The Chickens Went Off To Freezer Camp

Which is a nice, non-gory way of saying early this morning, before the sun came up (and in the rain), I loaded all my broilers into the cages I'd placed in the back of the pick up truck, and drove them off to the processor.

Yes, these cute little guys that arrived at this little place here this spring:





That looked like this when they were ready to move from the brooder in the garage to the portable pen in the great outdoors:


Came home from the processor today looking like this:


After parting out about half of them before putting them in our big chest freezer (in other words, cutting them up and packaging them as boneless skinless breasts, leg quarters, wings--have you started growing the ingredients for your Super Bowl party yet?--and soup carcasses), I sat down with my chicken catalog and figured up my next batch of meat birds, plus a few more pullet chicks for the laying flock.  Then I ordered up about 40 more birds to arrive in early August!

More birds because with so many of us living at this little place here, we are going to need 50+ chickens in the freezer to feed us for a year.
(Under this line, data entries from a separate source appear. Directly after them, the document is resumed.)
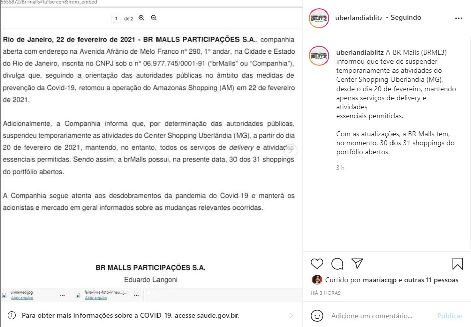 ONLINE - Post falando sobre o fechamento do Center Shopping devido ao novo decreto - 23.02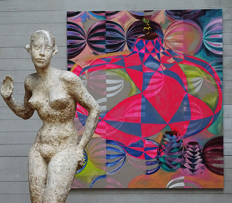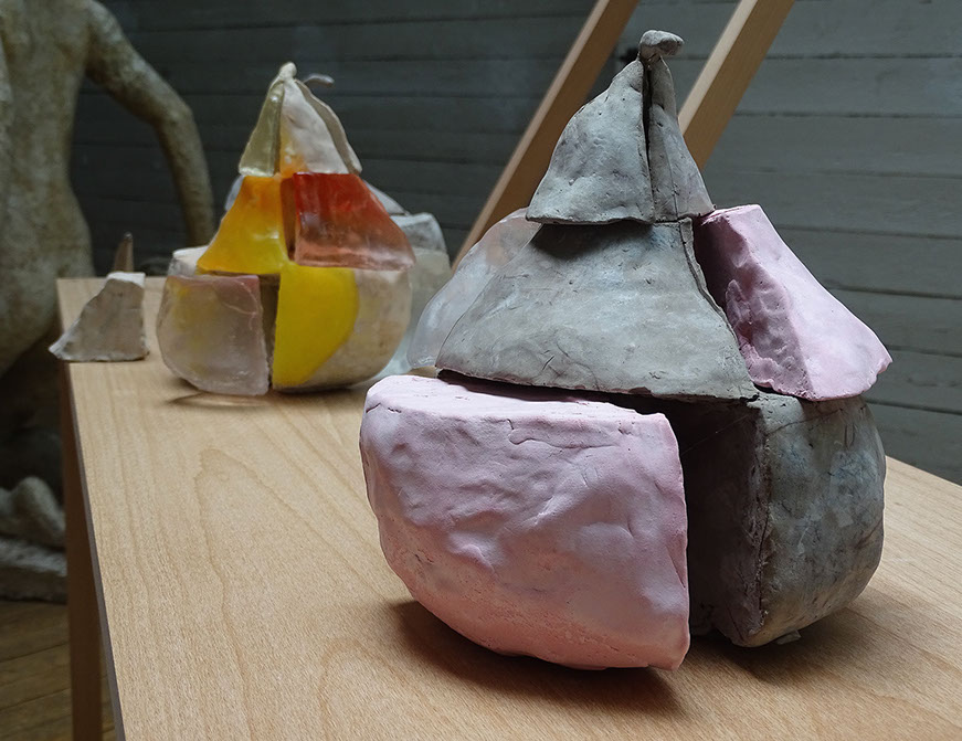 Athene Galiciadis (1978). Gemälde Drei Gefässe und eine Zitrone, 2020. Skulptur Hermann Haller.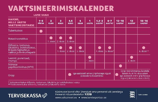 Vaata lisaks: www.vaktsineeri.ee/laste-vaktsineerimine/ajakava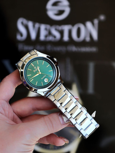 ساعت مردانه مارک سویستون رنگ ثابت تقویم دار موتور ژاپن ضداب وسط نگینی SVESTON

We ran out of homegrown chicken before winter arrived last year, and having to rely on chicken from the store has been a frustrating experience.  It doesn't taste as good, the texture isn't as good, it's origin is questionable (has it traveled to China and back?); plus, my lifelong low-end-of-normal blood pressure (even during pregnancies!) is now flirting with the high blood pressure classification.  With the doctor asking me if I have been eating a lot more salt since my physical in 2014, and me not liking salty stuff at all (I salt almost nothing on my plate) DH is pretty sure it's the sodium-solution injected chicken from the store that is to blame for this drastic change in my diastolic and systolic numbers.  So, I'll be raising more chickens yet this summer, and for many summers to come.
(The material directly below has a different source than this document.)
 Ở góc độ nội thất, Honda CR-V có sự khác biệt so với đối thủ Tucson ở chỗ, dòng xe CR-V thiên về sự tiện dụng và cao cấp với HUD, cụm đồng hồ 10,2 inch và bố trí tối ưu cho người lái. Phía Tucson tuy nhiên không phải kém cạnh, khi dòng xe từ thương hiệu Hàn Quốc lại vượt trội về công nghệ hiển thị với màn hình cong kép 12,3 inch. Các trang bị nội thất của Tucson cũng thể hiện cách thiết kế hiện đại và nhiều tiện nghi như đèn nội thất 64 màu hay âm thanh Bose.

You gotta do what you gotta do.

1 comment:

  1. Woohoo for homegrown!! We were going to do chickens this year but I had a near death experience and just the garden and canning is nearly keeling me over. Maybe next year. It's always been a dream of mine. Self sufficiency is so important. In the meantime we just don't eat meat unless we know which farm it's from so we get a pig from a neighboring farm and an occasional chicken and some buffalo. Nothing from the grocery store.